Lloyd's of London reported record profits yesterday, but warned of tougher times ahead as prices soften and the financial climate worsens.
The 320-year-old insurance market's pre-tax profit for 2007 rose 5.2 per cent to £3.85bn, driven by healthy pricing and few major disasters.
Richard Ward, the chief executive of Lloyd's, said its syndicates may have to cut back on the business they underwrite to maintain profitability. Though Lloyd's has gained from the combination of high rates and low claims, its business is cyclical because customers expect their premiums to fall to reflect the lack of claims. That creates a danger of prices falling below the correct level for the risk involved.
"We are seeing rates soften. We don't want to write risks at unprofitable levels to chase market share," Mr Ward said. He added that the recent period of relatively few catastrophes such as hurricanes would inevitably come to an end.
Lloyd's paid out about £200m for last summer's floods in the UK but most of the £5bn bill was footed by retail insurers. The market also took limited hits from European windstorms.

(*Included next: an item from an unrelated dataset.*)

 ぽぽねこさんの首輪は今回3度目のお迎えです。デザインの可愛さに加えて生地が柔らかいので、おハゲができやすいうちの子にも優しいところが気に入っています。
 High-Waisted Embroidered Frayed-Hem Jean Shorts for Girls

Lloyd's results benefited from a 21 per cent return on its investments in bonds, money market instruments and other assets, as well as releases from reserves set aside for earlier claims. Mr Ward said it would be hard to reproduce last year's investment performance in the current market.

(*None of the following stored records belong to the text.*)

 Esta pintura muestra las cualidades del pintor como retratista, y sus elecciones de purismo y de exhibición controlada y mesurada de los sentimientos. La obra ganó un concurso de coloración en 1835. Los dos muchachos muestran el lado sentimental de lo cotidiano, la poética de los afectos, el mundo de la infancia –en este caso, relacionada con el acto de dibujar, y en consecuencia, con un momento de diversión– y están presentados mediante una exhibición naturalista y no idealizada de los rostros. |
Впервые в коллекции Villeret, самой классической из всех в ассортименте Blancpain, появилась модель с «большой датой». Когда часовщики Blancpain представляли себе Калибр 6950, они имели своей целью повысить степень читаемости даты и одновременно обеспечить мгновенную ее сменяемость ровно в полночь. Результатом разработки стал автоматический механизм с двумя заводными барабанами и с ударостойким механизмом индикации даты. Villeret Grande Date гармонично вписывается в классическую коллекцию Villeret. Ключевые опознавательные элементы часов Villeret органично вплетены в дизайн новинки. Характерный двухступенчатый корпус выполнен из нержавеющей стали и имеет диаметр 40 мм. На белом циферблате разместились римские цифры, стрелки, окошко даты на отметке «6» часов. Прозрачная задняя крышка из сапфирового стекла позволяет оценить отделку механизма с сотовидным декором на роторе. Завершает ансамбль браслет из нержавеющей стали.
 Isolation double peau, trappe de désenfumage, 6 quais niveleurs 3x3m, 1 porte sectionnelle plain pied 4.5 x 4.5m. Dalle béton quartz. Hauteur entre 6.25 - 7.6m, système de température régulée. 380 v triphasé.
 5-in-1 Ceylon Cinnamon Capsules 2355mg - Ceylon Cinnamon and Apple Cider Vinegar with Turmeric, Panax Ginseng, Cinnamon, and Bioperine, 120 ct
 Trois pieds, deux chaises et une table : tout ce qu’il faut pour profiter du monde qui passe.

Andrew Hubbard, head of insurance services at the accountancy firm Mazars, said Lloyd's performed well but that the underlying results showed the cycle had already turned substantially. "If the back-year releases are ignored the result is actually a reduction from £3.29bn to £2.99bn, indicating that the pure year has not been as good and supporting the view that the market has softened in 2007," he said.
Lloyd's combined ratio, a key performance indicator, weakened to 84 from 83.1 a year earlier. The ratio measures costs and claims as a percentage of premiums.
Mr Ward said Lloyd's had "no exposure" to US sub-prime loans in its asset portfolio but that it would face claims as a result of the credit crunch. Lloyd's insures risks such as company directors' liability and professional indemnity, which could attract lawsuits from angry investors who have lost money in the crisis.
He said Lloyd's had cut back its dealings with financial institutions since the collapse of Enron and WorldCom.